All the AtacWorks SDK components can be executed inside a docker environment. For ease of use, the AtacWorks team has created a public docker image that can be pulled to run the toolkit.
Docker now ships with native support for GPU. Please follow the instructions on the nvidia-docker page to setup the docker framework correctly. Verify that the setup above completed successfully and your system has access to Docker Hub.
We provide two different images to run AtacWorks from: * claraomics/atacworks:latest - This image contains pre-installed atacworks toolkit. It can be used for running training, denoising and evaluating workflows without the need of cloning the repository. Look at the section "Pre-installed AtacWorks" below for instructions to pull that image. * claraomics/atacworks:source-latest - This image clones atacworks repository and installs atacworks from the source. This image is useful for getting familiar with the source code, to run atacworks tutorial notebooks etc. Look at the section "AtacWorks from Source" below for instructions to pull that image.
Run the following command to launch a docker container that contains pre-installed latest version of AtacWorks in interactive mode.
docker run -it --gpus all --shm-size 2G claraomics/atacworks:latest
If the above command doesn't run successfully, please stop and re-install docker or contact the AtacWorks dev team on GitHub for more help.

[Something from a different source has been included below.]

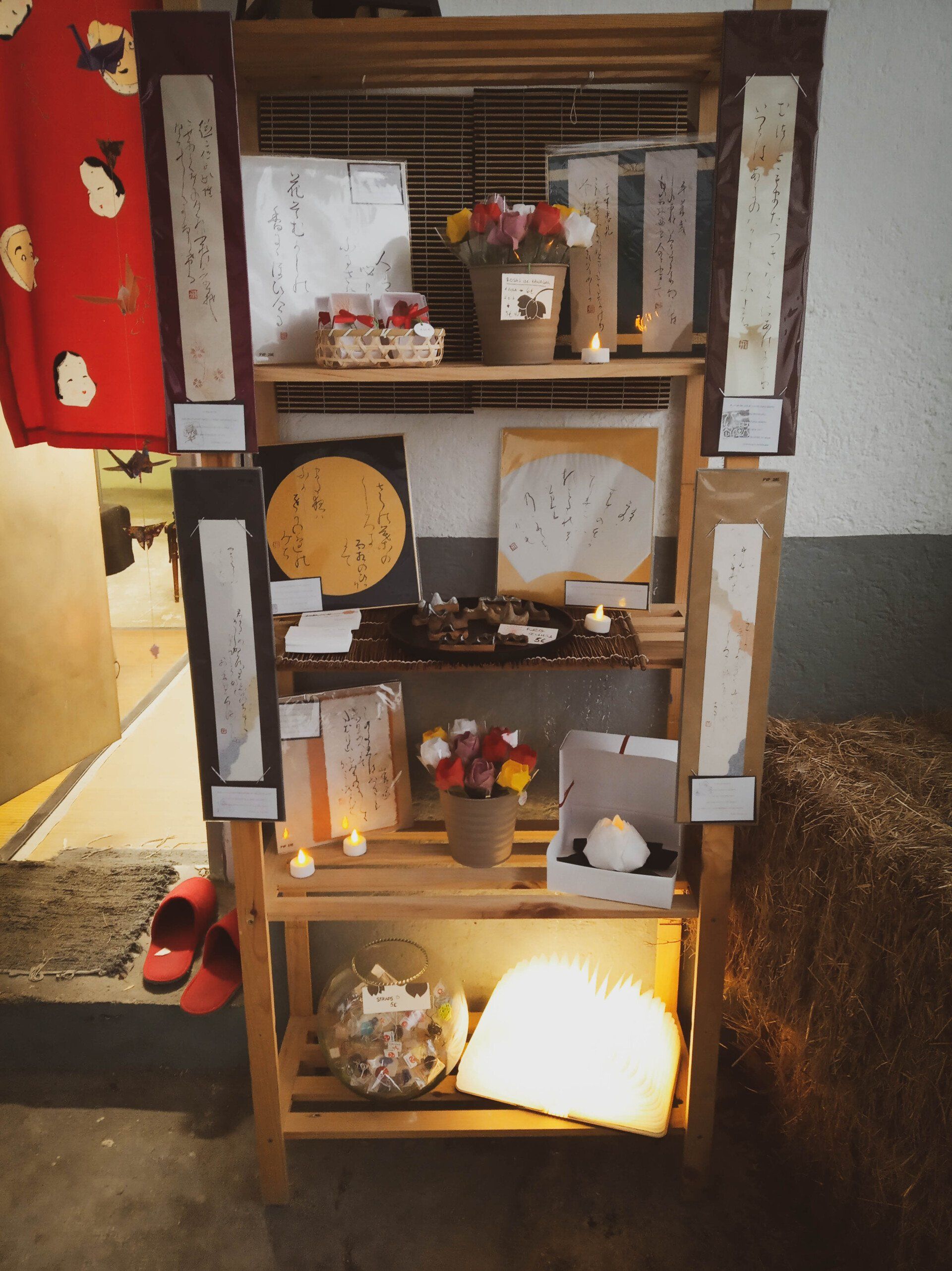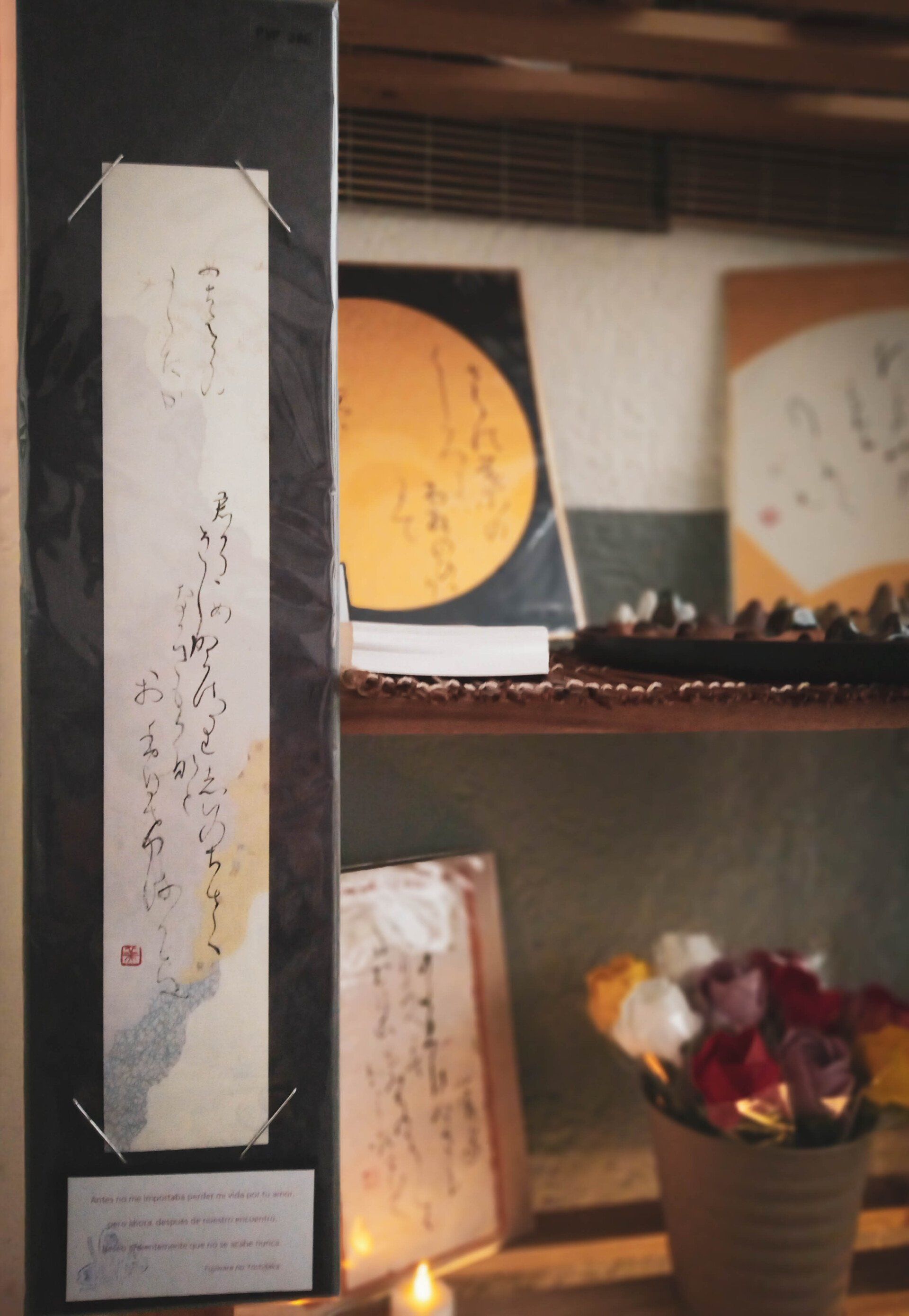Aquí podrás encontrar mascarillas y carteritas confeccionadas con sedas antiguas japonesas, caligrafías de poemas antiguos japoneses presentados en formatos tradicionales como son el tanzaku y el shikishi, pendientes y tocados para el pelo hechos con motivos en origami y mizuhiki... y otras muchas cositas más!!!

To pull the docker image that clones and installs atacworks from source, run the following command:
docker run -it --gpus all --shm-size 2G claraomics/atacworks:source-latest
If the above command doesn't run successfully, please stop and re-install docker or contact the AtacWorks dev team on GitHub for more help.
Before starting on custom workflows please refer to the tutorials available in the README of the repository. Those will help you get familiarized with the features of the SDK. Once you are comfortable with them, you can use the docker environment to run all of the commands with ease.
Remember to use the tag "latest" or "source-latest" depending on whether you need AtacWorks source code or not. By default,
claraomics/atacworks
will pull the "latest" tag.
-
Mount volumes to the container Use the
-v
option in docker to mount volumes with your data. Official documentation for the options can be found here. -
Use mounted dataset with containerized toolkit, example shown below
docker run --gpus all --shm-size 2G -v /ssd/my_atacworks_data:/data claraomics/atacworks \
atacworks denoise \
--noisybw /data/noisy.bw \
--genome /data/hg19.auto.sizes \
--out_home /data/output \
--distributed
docker run -it --gpus all --shm-size 2G -p 8888:8888 claraomics/atacworks:source-latest
Note: Jupyter notebook will have to be started manually once inside the container. Below is an example command to launch the jupyter-lab.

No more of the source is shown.